A list of summaries (tables/tibbles) and plot objects (ggplot/plotly), plus any saved file paths when `save_results`/`render_report` are enabled.

Arguments

data

A `data.frame` to explore.

label

Optional column name of the target/label. If supplied and categorical, grouped plots and class balance summaries are produced.

visualize

Character vector indicating which plot families to build. Defaults to `c("histogram", "boxplot", "barplot", "heatmap", "scatterplot")`.

save_results

Logical; if `TRUE`, plots/results are saved under `output_dir` (defaults to the working directory). Default is `FALSE`.

render_report

Logical; if `TRUE`, a short HTML report is rendered via `rmarkdown` (if available). Default is `FALSE`.

output_dir

Directory to save results/report when `save_results` or `render_report` is `TRUE`.

sample_size

Optional integer; if supplied, visualizations are produced on a random sample of this size.

interactive

Logical; if `TRUE` and `plotly` is available, an interactive correlation heatmap is produced. Falls back to static ggplot output otherwise.

corr_threshold

Absolute correlation threshold for flagging high correlations.

auto_convert_numeric

Logical; convert factor/character columns that look numeric into numeric.

visualize_missing

Logical; if `TRUE`, include simple missingness visualizations.

imputation_suggestions

Logical; if `TRUE`, prints lightweight suggestions based on missingness patterns.

report_duplicate_details

Logical; if `TRUE`, returns a small sample of duplicated rows when present.

detect_near_duplicates

Placeholder for future fuzzy duplicate checks.

auto_convert_dates

Logical; convert YYYY-MM-DD strings to `Date`.

feature_engineering

Logical; if `TRUE`, derive day/month/year from date columns to aid inspection of temporal structure.

outlier_method

One of `"iqr"`, `"zscore"`, `"dbscan"`, `"lof"`.

run_distribution_checks

Logical; if `TRUE`, run normality tests on numeric columns.

normality_tests

Character vector of normality tests to run; currently supports `"shapiro"` and `"ks"`.

pairwise_matrix

Logical; if `TRUE` and `GGally` is available, returns a ggpairs scatterplot matrix for a subset of numeric columns.

max_scatter_cols

Maximum number of numeric columns to include in the pairwise matrix.

grouped_plots

Logical; if `TRUE` and `label` is a factor, group histograms/boxplots/density plots by label.

use_upset_missing

Logical; retained for compatibility.
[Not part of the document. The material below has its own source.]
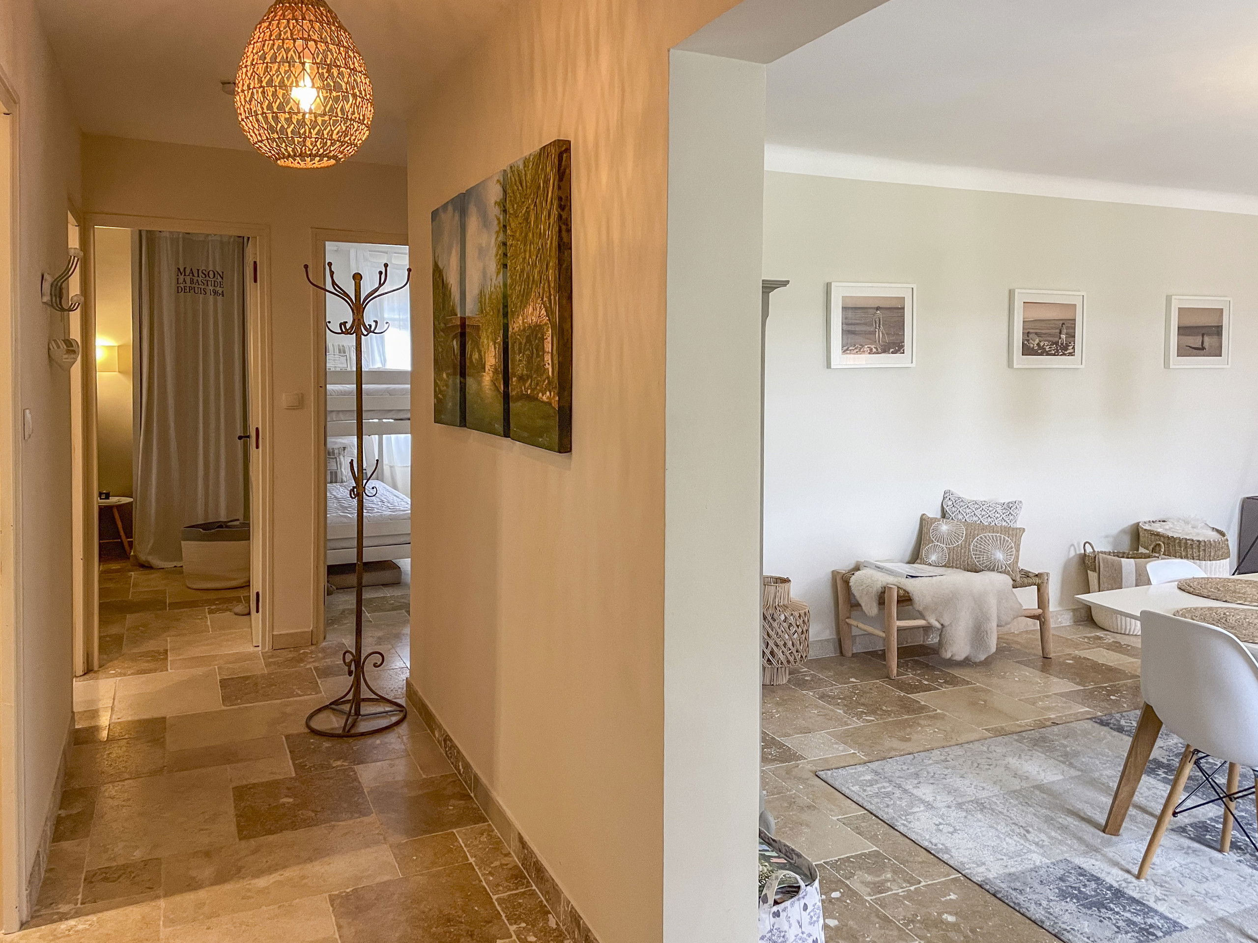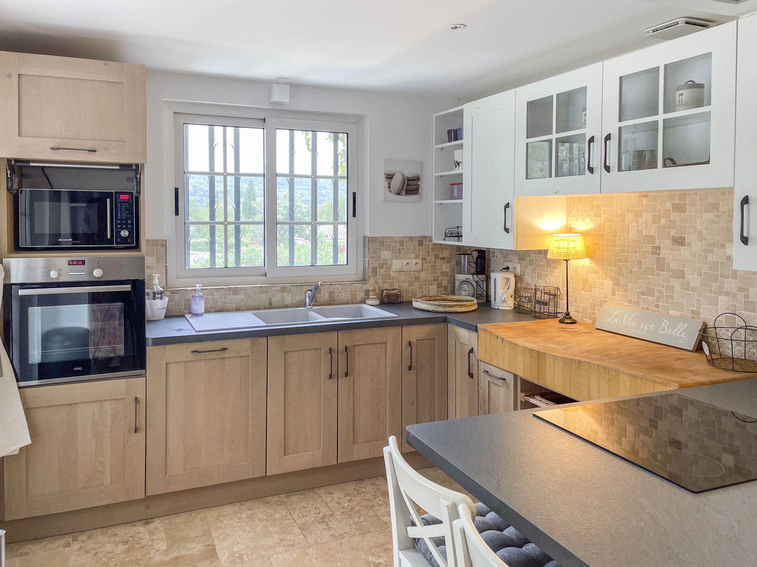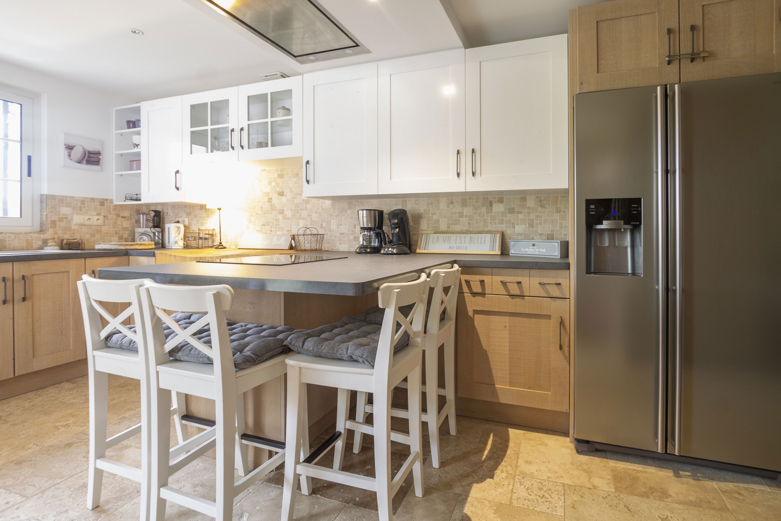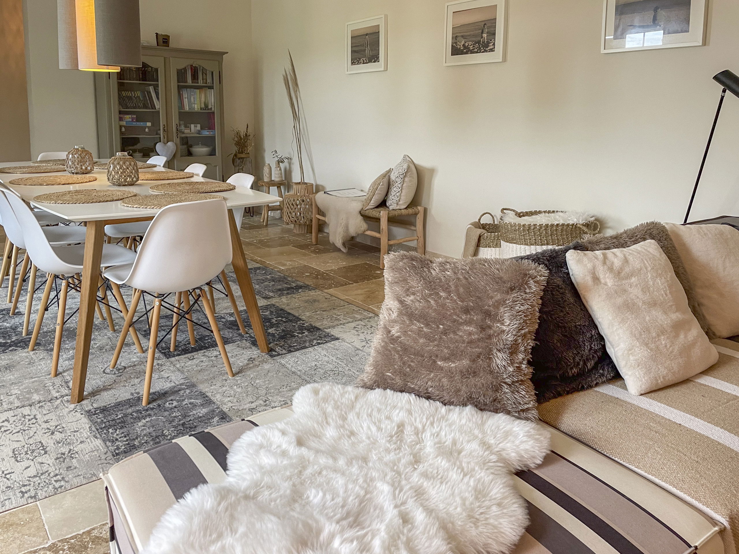 This holiday home has been very tastefully decorated with love and care. All rooms are on the ground floor. The entire house is air-conditioned. The separate kitchen is practical and equipped with all comforts. Here you can turn every meal into a success! The living room and adjoining dining area are bright and open directly onto the cosy terrace. The bedrooms are spacious and overlook the garden. The bathrooms are both equipped with a rain shower, sink and toilet.

When `TRUE` and `UpSetR` is installed, an UpSet plot of missingness is returned; otherwise a simpler missingness heatmap is used.

Details

This helper is intentionally decoupled from the core modeling workflow. Most of its heavy dependencies are treated as optional and loaded via `requireNamespace()` when requested features are used.